Cambridge in the Long
By Amy Levy (1861–1889)
WHERE drowsy sound of college-chimes
  Across the air is blown,
And drowsy fragrance of the limes,
  I lie and dream alone.
A dazzling radiance reigns o’er all—        5
  O’er gardens densely green,
O’er old grey bridges and the small,
  Slow flood which slides between.
This is the place; it is not strange,
  But known of old and dear.        10
What went I forth to seek?
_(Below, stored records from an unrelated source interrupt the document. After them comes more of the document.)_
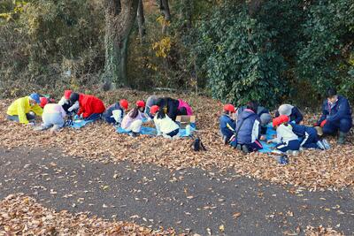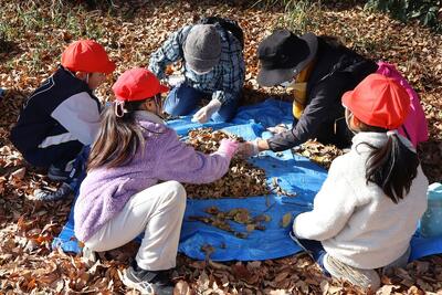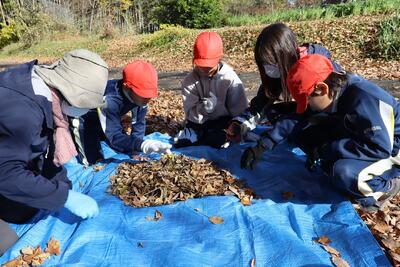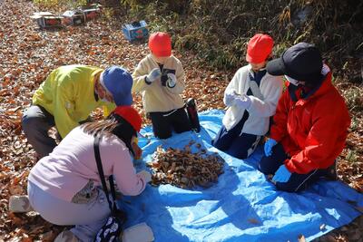 落ち葉を1枚1枚丁寧にめくりながら越冬幼虫を探します。この日は、オオムラサキの幼虫とゴマダラチョウの幼虫をそれぞれ8頭ずつ見つけることができました。そのうちの5頭を七郷小で飼育し、残りはオオムラサキ活動センターで飼育してもらいます。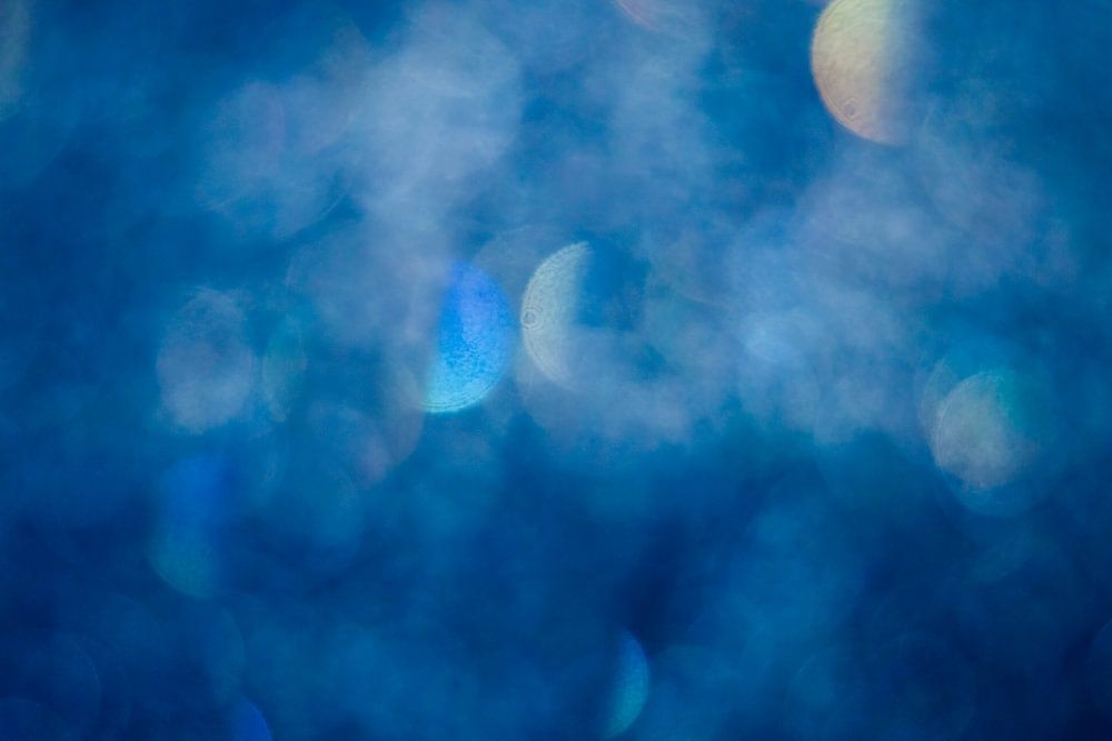 Photographie abstraite de la lumière du soleil qui se réfracte en cristaux de glace. Elle donne l'impression de regarder un univers lointain avec ses planètes.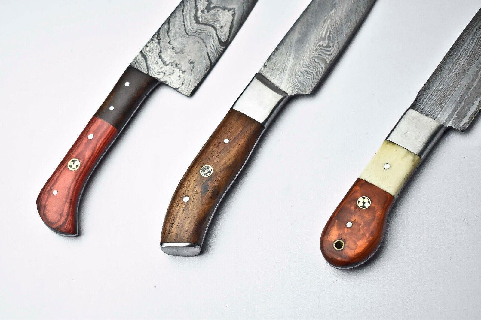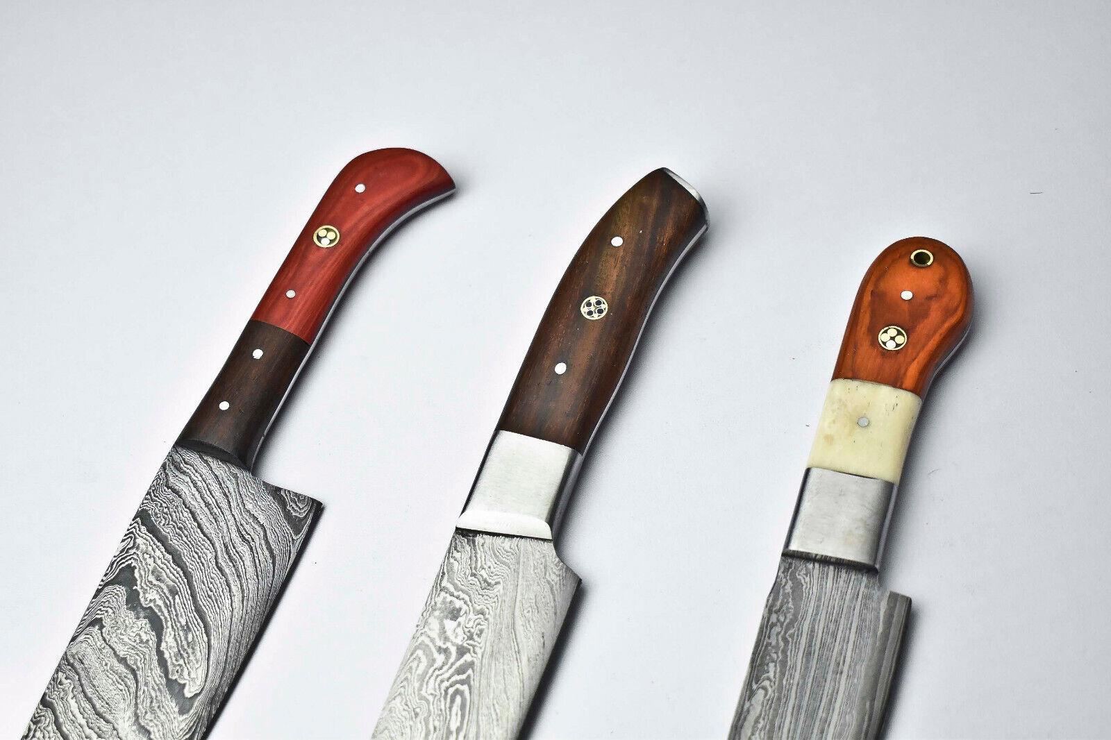 Set of 3 Handmade Damascus Steel Chef Knives – Custom Forged Kitchen Blades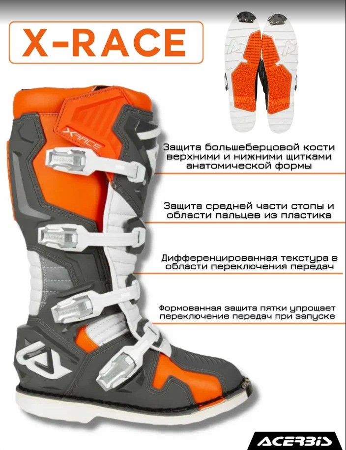 Мотоботы кроссовые Acerbis X-RACE Orange/Grey, (р.44)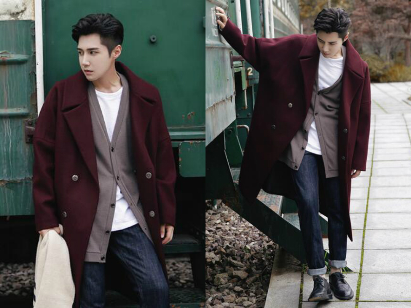 以一件白色T恤作为打底,然后穿上一件褐色的针织开衫,扣子随意的系了两个,展现出男士那种洒脱的气质,再在外面穿一件深酒红色的长款大衣,又增添高贵气息,但下装却搭配一条休闲范的牛仔裤,几种风格碰撞在一起倒也显得和谐,可以说混搭得很成功了,说不定还是另一种潮流的开始呢!
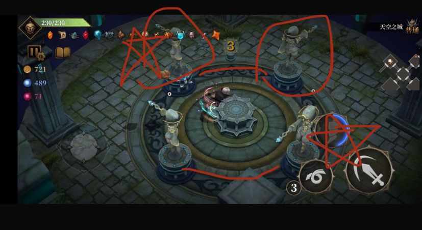 找到两个指着外面的雕像(如图上面那俩) 移动到逆时针方位的雕像①处 雕像之间的线亮起来 点两次让他俩指向中间 到①雕像对角位置雕像(如图下右) 下面两个雕像的线亮起 点一次即可指向中间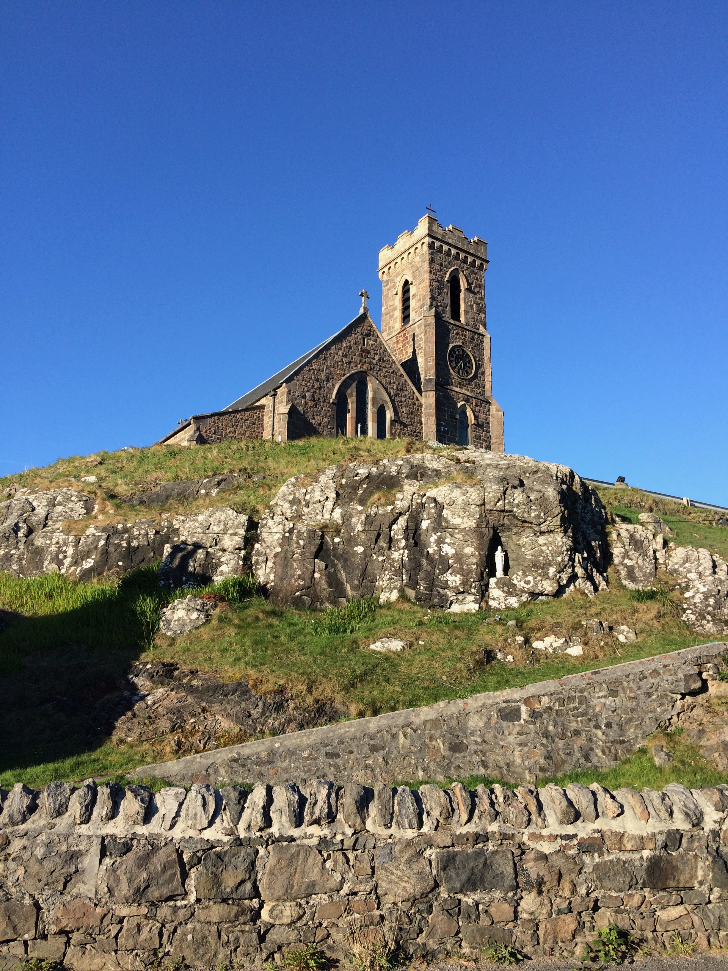 On the first of May we sailed away from Oban, five hours it took by the MacBrayne ferry, over the Minches to the Island of Barra. The sea was like blue glass and we idled the time with binoculars sighting landmarks we recognised from other trips: the Morven and Ardnamurchan peninsulas, Mull and the distant shapes of the mountains of Skye. I stared at the sea as ripples of spume broke into white froth, hoping and hoping to see a whale or a porpoise… but there was nothing, well, nothing that I saw. We drew into Castlebay in Barra and, looking about, I saw a smattering of houses dominated by a large RC church built above the harbour.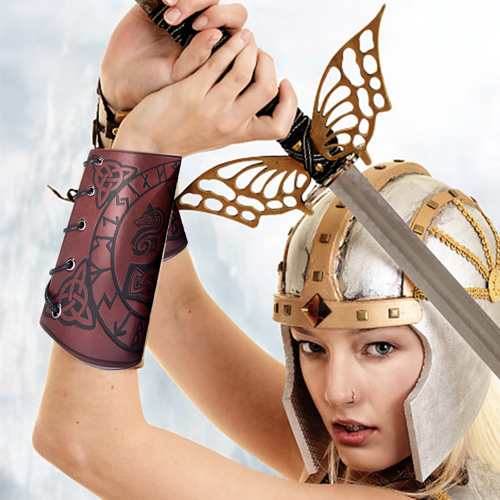 Viking Leather Arm Bracers for Cosplay – Embossed Design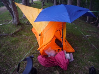 1)軽量化の為ツェルトにしてみたが、他の部分でもっと軽量化できると思う。特にエアマットはいらないかもしれない。風雨対策にテントのグランドシートを持ってきたが、これはよかったが、張り方をもっと研究する必要がある。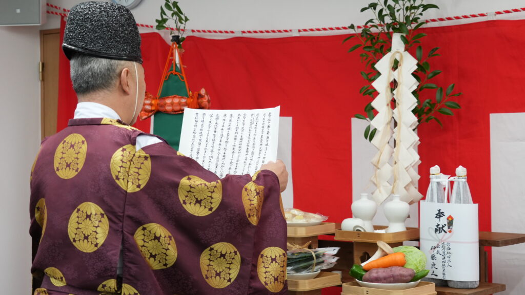 また、開所式に先立ち奉告祭を執り行い、熊野新宮神社の宮司様より祝詞を奏上していただきました。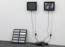 Earth Partitions (2014) is ready to be perused by onlookers. On the two screens of recessed monitors, a mime artist bearing an accelerometer re-enacts, like a partition, the shaking of the ground recorded during different earthquakes by seismographs. Before him, the seismograms that he reinterprets are in turn re-recorded by a custom-made seismograph. The performance took place and was recorded in the exhibition space at CRAC in Sète (July 2014) before the preview. The seismographs used for this unique reconstitution are presented in a light box placed on the ground.

The change
  Is mine; why am I here?
Alas, in vain I turned away,
  I fled the town in vain;
The strenuous life of yesterday        15
  Calleth me back again.
And was it peace I came to seek?
  Yet here, where memories throng,
Ev’n here, I know the past is weak,
  I know the present strong.        20
This drowsy fragrance, silent heat,
  Suit not my present mind,
Whose eager thought goes out to meet
  The life it left behind.
Spirit with sky to change; such hope,        25
  An idle one we know;
Unship the oars, make loose the rope,
  Push off the boat and go …
Ah, would what binds me could have been
  Thus loosened at a touch!        30
This pain of living is too keen,
  Of loving, is too much.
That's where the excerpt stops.